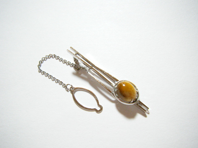 ★SILVER 天然石 茶系 ネクタイピン タイピン 【WK22】
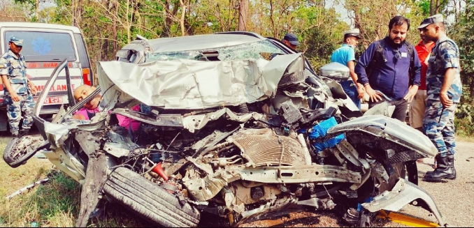 बारा । पुर्व पश्चिम राजमार्ग पथलैया–निजगढ सडकखण्डको १३ किलोमा आज शुक्रबार दिउँसो टिपरले कारलाई ठक्कर दिदा भएको सवारी दुर्घटनामा दुई जनाको ज्यान गएको छ । जिल्ला प्रहरी कार्यालय बाराका अनुसार ज्यान गुमाउनेमा सर्लाही बरथवा नगरपालिका १५ हजरियाका ४६ वर्षीय नारायण हरी शर्मा र कार चालक सर्लाही सुन्दरपुर चोहवा ४ घर भएका वर्ष ५० का जीत नारायणप्रसाद साह रहेका छन । जीतपुरसिमरा उपमहानगरपालिका १६ स्थित भूईपुल नजिकको क्षेत्रमा कार र ट्रिपर एकआपसमा ठोक्किएर दुर्घटना भएको थियो । प्रहरीका अनुसार निजगढबाट पथलैयातर्फ जादै गरेको प्र २–०३–००१ ख ०६०७ नम्बरको ट्रिपर र पथलैयाबाट निजगढतर्फ आउदै गरेको बा ०१–०२५ च ५०७६ नम्बरको कार दिउसो २ः ५५ बजे एकआपसमा ठोक्किएर दुर्घटना भएको हो । दुर्घटनालगत्तै कारमा सवार दुई जनालाई निजगढस्थित अस्पताल ल्याइएको भएपनि चिकित्सकले उनीहरुलाई मृत घोषणा गरेका थिए । प्रहरीका अनुसार ट्रिपर चालक फरार छन् । ट्रिपर सडक छेउमा पल्टिएको छ भने कारको अगाडिको भाग पूर्णरुपमा क्षतिग्रस्त भएको छ ।
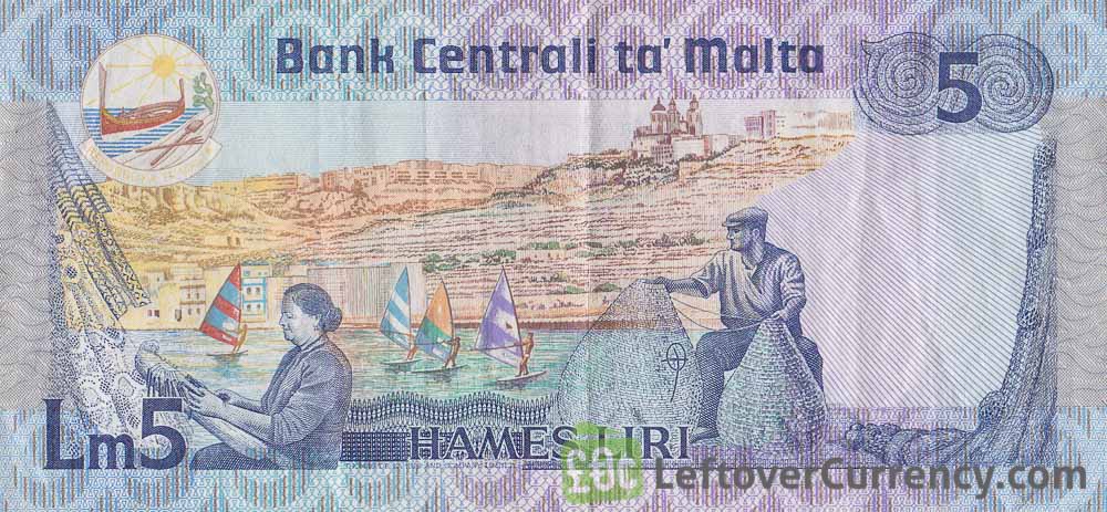 Hames Liri’ is Maltese for ‘Five Lira’. The blue-coloured Lm5 bill has the portrait of Malta’s first female president Agatha Barbara on the obverse side. The reverse side of the 5 Liri bill from Malta features a view on a harbour with a man making fishing pots, a woman making lace and four windsurfers.
__________________________________________________
Problem description:
The whole of the data needs to be copied word for word, though not its pictures.

Completed exercise:
 ★SILVER 天然石 茶系 ネクタイピン タイピン 【WK22】
 बारा । पुर्व पश्चिम राजमार्ग पथलैया–निजगढ सडकखण्डको १३ किलोमा आज शुक्रबार दिउँसो टिपरले कारलाई ठक्कर दिदा भएको सवारी दुर्घटनामा दुई जनाको ज्यान गएको छ । जिल्ला प्रहरी कार्यालय बाराका अनुसार ज्यान गुमाउनेमा सर्लाही बरथवा नगरपालिका १५ हजरियाका ४६ वर्षीय नारायण हरी शर्मा र कार चालक सर्लाही सुन्दरपुर चोहवा ४ घर भएका वर्ष ५० का जीत नारायणप्रसाद साह रहेका छन । जीतपुरसिमरा उपमहानगरपालिका १६ स्थित भूईपुल नजिकको क्षेत्रमा कार र ट्रिपर एकआपसमा ठोक्किएर दुर्घटना भएको थियो । प्रहरीका अनुसार निजगढबाट पथलैयातर्फ जादै गरेको प्र २–०३–००१ ख ०६०७ नम्बरको ट्रिपर र पथलैयाबाट निजगढतर्फ आउदै गरेको बा ०१–०२५ च ५०७६ नम्बरको कार दिउसो २ः ५५ बजे एकआपसमा ठोक्किएर दुर्घटना भएको हो । दुर्घटनालगत्तै कारमा सवार दुई जनालाई निजगढस्थित अस्पताल ल्याइएको भएपनि चिकित्सकले उनीहरुलाई मृत घोषणा गरेका थिए । प्रहरीका अनुसार ट्रिपर चालक फरार छन् । ट्रिपर सडक छेउमा पल्टिएको छ भने कारको अगाडिको भाग पूर्णरुपमा क्षतिग्रस्त भएको छ ।
 Hames Liri’ is Maltese for ‘Five Lira’. The blue-coloured Lm5 bill has the portrait of Malta’s first female president Agatha Barbara on the obverse side. The reverse side of the 5 Liri bill from Malta features a view on a harbour with a man making fishing pots, a woman making lace and four windsurfers.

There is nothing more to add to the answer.